TASK REQUIREMENTS >> Exact copy, no pictures: set down every entry below as written.

|---|

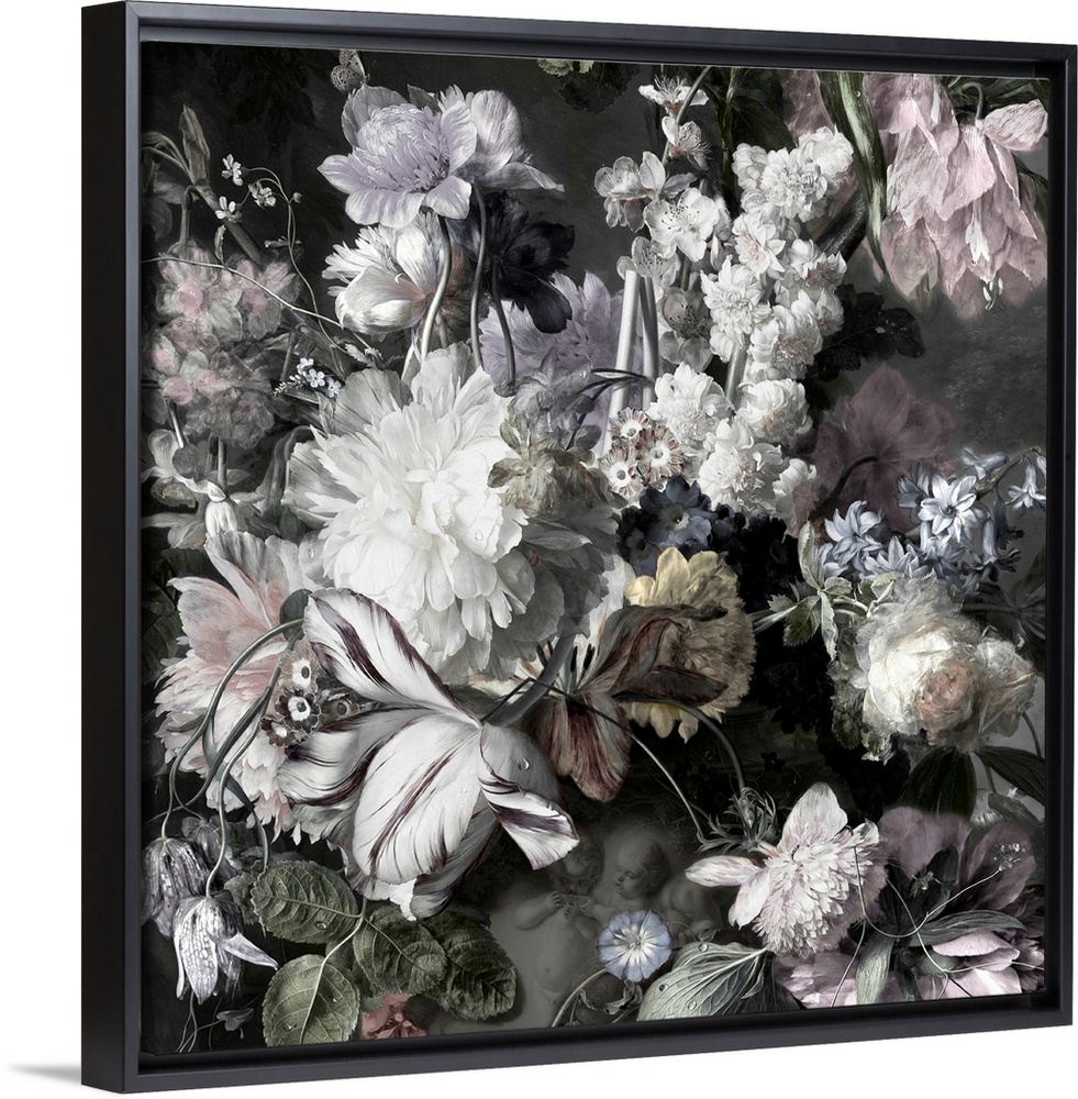 <p>Desaturated artwork showing a romantic bouquet of flowers in a vase with cherubs on it over a dark background.</p>
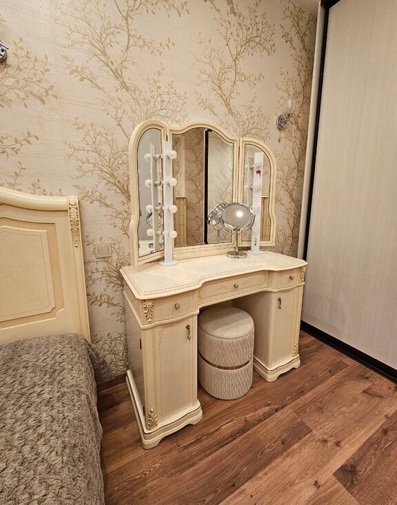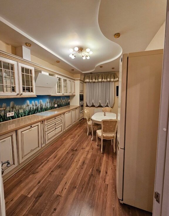 В квартире выполнен евроремонт, комнаты полностью меблированы. На кухне есть вся необходимая техника: холодильник, посудомоечная машина(60 см) и телевизор. В ванной комнате установлена ванна, а также имеется стиральная/сушильная машина Miele.
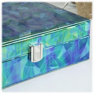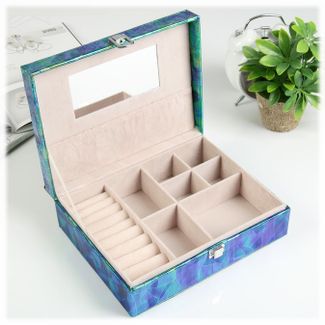 Шкатулка для украшений выполнена в виде клатча 25*19*8 см из искусственной кожи потрясающего переливающегося цвета. Шкатулка "Шелия" одноярусная, разделена на множество разнообразных отсеков, один из которых оборудован валиками для колец, а внутренняя сторона крышки оснащена кармашком и зеркалом. Внутренняя поверхность оформлена бархатистым светлым материалом, что придаёт ей шарм и изысканность.
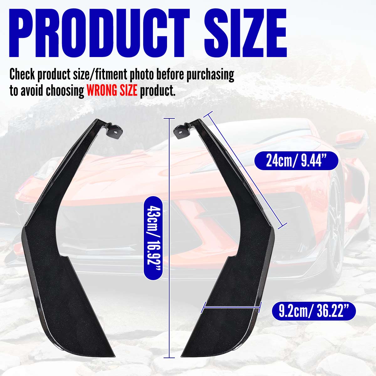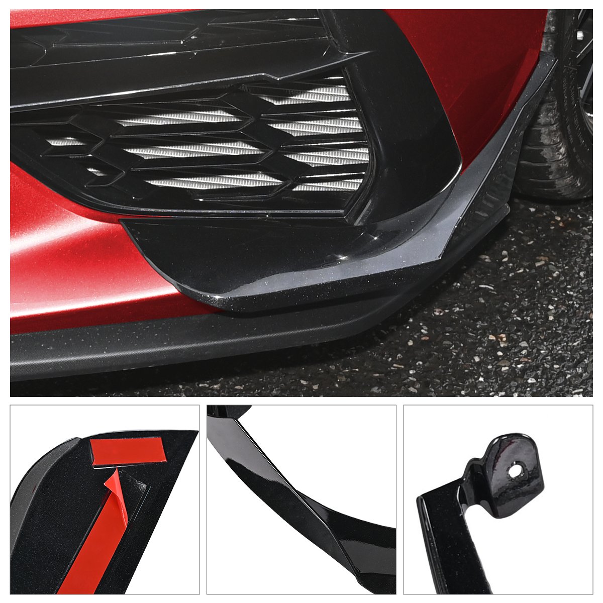 1.Premium Material: This front bumper splitters for Corvette C8 are made of high quality and light weight ABS Plastic, with polished and shinning surface and UV-Protected Clear Coating, high strength, impact resistance fade.
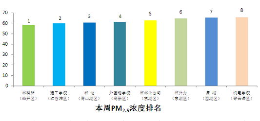 注:按PM2.5平均浓度与去年同期相比下降(上升)幅度排名。PM2.5浓度越低,空气质量越好; PM2.5与去年同期相比、与上周相比为正值,表示空气质量改善。优良率越高,空气质量越好;优良率与去年同期相比、与上周相比为负值表示空气质量改善。
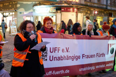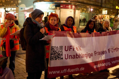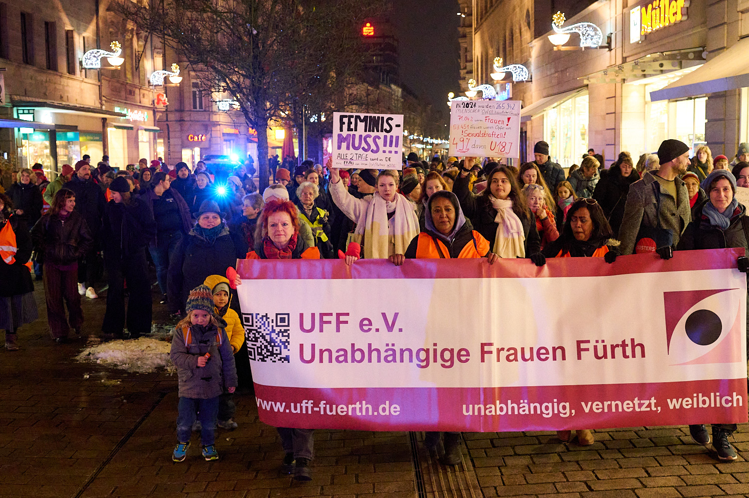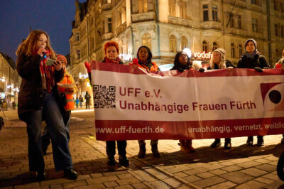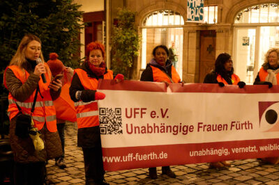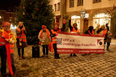 Zum internationalen Aktionstag gegen Gewalt an Frauen sind in Fürth wieder 200 Menschen auf die Straße gegangen. Die Unabhängigen Frauen Fürth (UFF) rund um Vorstandsmitglied Brigitte Stenzhorn haben diese Aktion organisiert, und ich habe mich wieder gerne daran beteiligt. Es ist eine parteiübergreifende, gemeinsame Aktion der Fürther Frauenverbände wie dem Multikulturellen Frauentreff, dem Zentrum gegen häusliche Gewalt, dem Frauenhaus, ver.di und dem Soroptimist Club Fürth. Gemeinsam senden wir damit eine klare Botschaft an die Betroffenen: Ihr seid nicht allein!
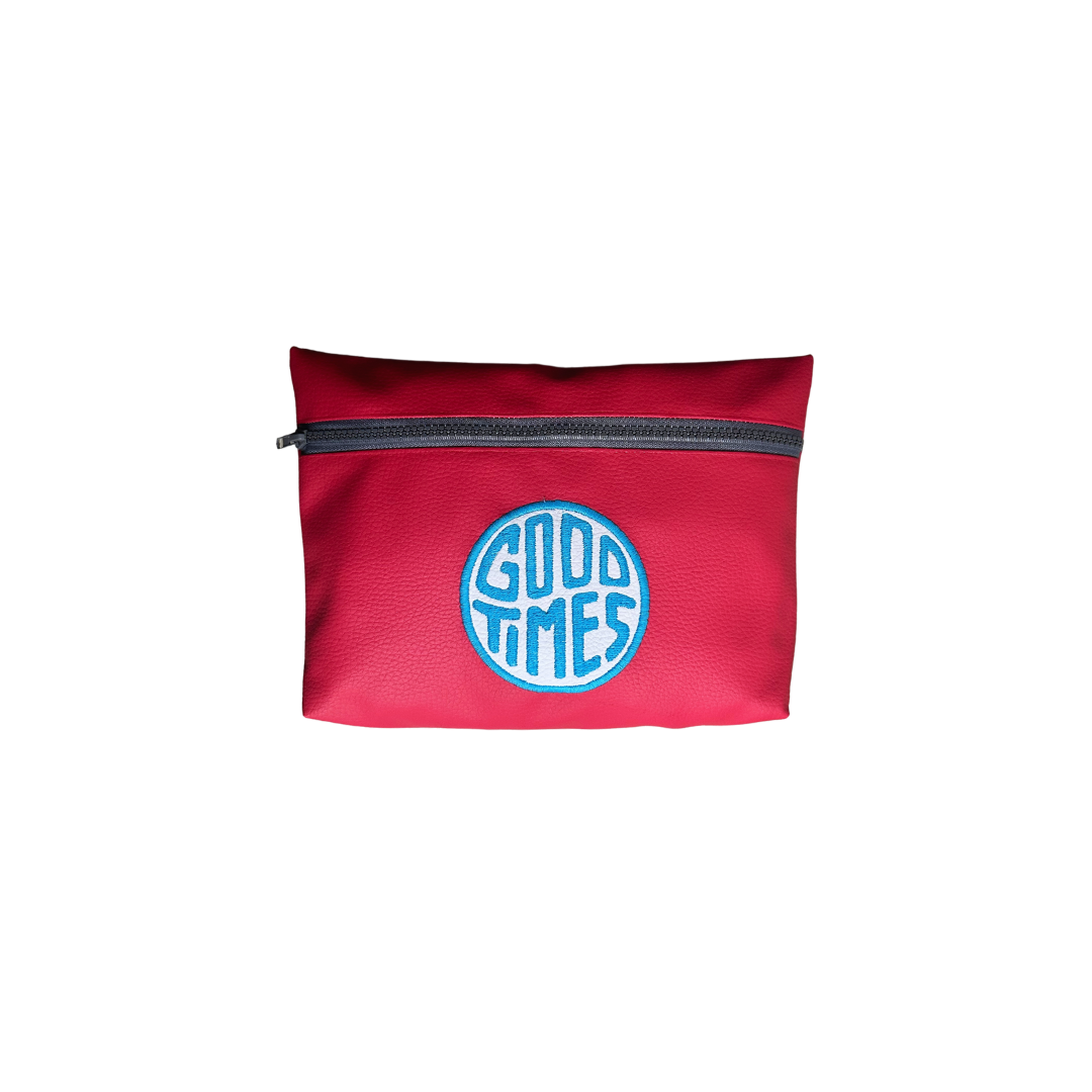 100% Handmade multipurpose bag in durable materials vinyl, leather, and recycled nylon. Features a large zipper pocket and a colorful embroidered design on the front.
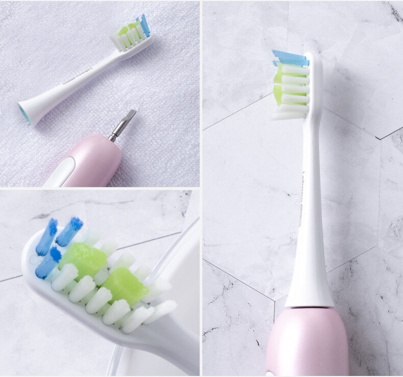 Важлива особливість виробу – велика ширина головки без класичного заокруглення на кінцях. Даний підхід дозволяє збільшити кількість волосин, що вібрують з максимальною амплітудою, ефективність чищення зростає на цілих 27%.
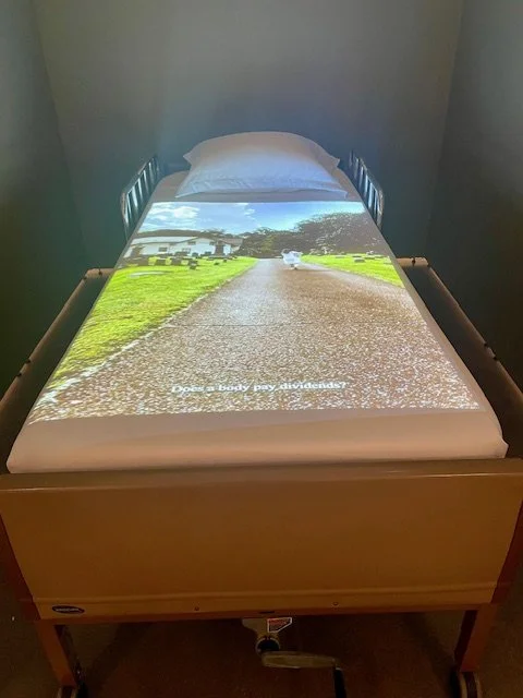 There was a particular installation that Arif and I continue to talk about. It shows a video of Suleika in a cemetery picking up hospital bills and medical records that are flying in the wind; the video is projected onto a hospital bed, and Suleika is reciting the dollar cost of her cancer treatment, and then posing the following questions:
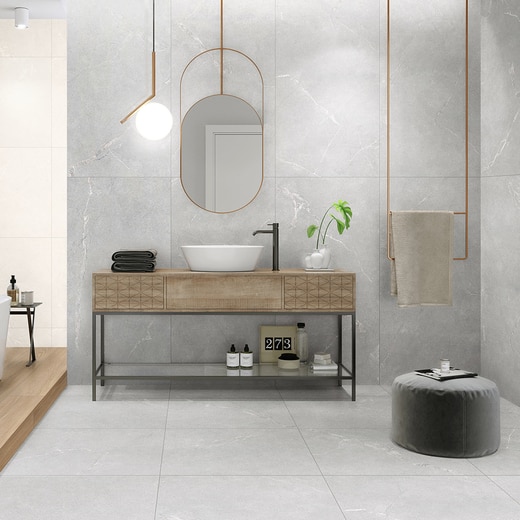 使用カラー:グラベル(右壁600-1200・床600)、ビアンコ(左壁600)
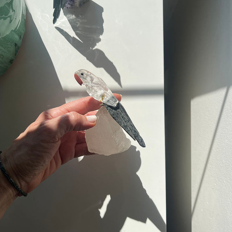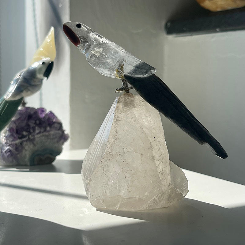 Bu dekoratif kuş; Kristal Kuvars gövdesiyle berraklığı, farkındalığı ve saf niyetin sembolü…

|---|

ANSWER TO THE PROBLEM >>
 <p>Desaturated artwork showing a romantic bouquet of flowers in a vase with cherubs on it over a dark background.</p>
 В квартире выполнен евроремонт, комнаты полностью меблированы. На кухне есть вся необходимая техника: холодильник, посудомоечная машина(60 см) и телевизор. В ванной комнате установлена ванна, а также имеется стиральная/сушильная машина Miele.
 Шкатулка для украшений выполнена в виде клатча 25*19*8 см из искусственной кожи потрясающего переливающегося цвета. Шкатулка "Шелия" одноярусная, разделена на множество разнообразных отсеков, один из которых оборудован валиками для колец, а внутренняя сторона крышки оснащена кармашком и зеркалом. Внутренняя поверхность оформлена бархатистым светлым материалом, что придаёт ей шарм и изысканность.
 1.Premium Material: This front bumper splitters for Corvette C8 are made of high quality and light weight ABS Plastic, with polished and shinning surface and UV-Protected Clear Coating, high strength, impact resistance fade.
 注:按PM2.5平均浓度与去年同期相比下降(上升)幅度排名。PM2.5浓度越低,空气质量越好; PM2.5与去年同期相比、与上周相比为正值,表示空气质量改善。优良率越高,空气质量越好;优良率与去年同期相比、与上周相比为负值表示空气质量改善。
 Zum internationalen Aktionstag gegen Gewalt an Frauen sind in Fürth wieder 200 Menschen auf die Straße gegangen. Die Unabhängigen Frauen Fürth (UFF) rund um Vorstandsmitglied Brigitte Stenzhorn haben diese Aktion organisiert, und ich habe mich wieder gerne daran beteiligt. Es ist eine parteiübergreifende, gemeinsame Aktion der Fürther Frauenverbände wie dem Multikulturellen Frauentreff, dem Zentrum gegen häusliche Gewalt, dem Frauenhaus, ver.di und dem Soroptimist Club Fürth. Gemeinsam senden wir damit eine klare Botschaft an die Betroffenen: Ihr seid nicht allein!
 100% Handmade multipurpose bag in durable materials vinyl, leather, and recycled nylon. Features a large zipper pocket and a colorful embroidered design on the front.
 Важлива особливість виробу – велика ширина головки без класичного заокруглення на кінцях. Даний підхід дозволяє збільшити кількість волосин, що вібрують з максимальною амплітудою, ефективність чищення зростає на цілих 27%.
 There was a particular installation that Arif and I continue to talk about. It shows a video of Suleika in a cemetery picking up hospital bills and medical records that are flying in the wind; the video is projected onto a hospital bed, and Suleika is reciting the dollar cost of her cancer treatment, and then posing the following questions:
 使用カラー:グラベル(右壁600-1200・床600)、ビアンコ(左壁600)
 Bu dekoratif kuş; Kristal Kuvars gövdesiyle berraklığı, farkındalığı ve saf niyetin sembolü…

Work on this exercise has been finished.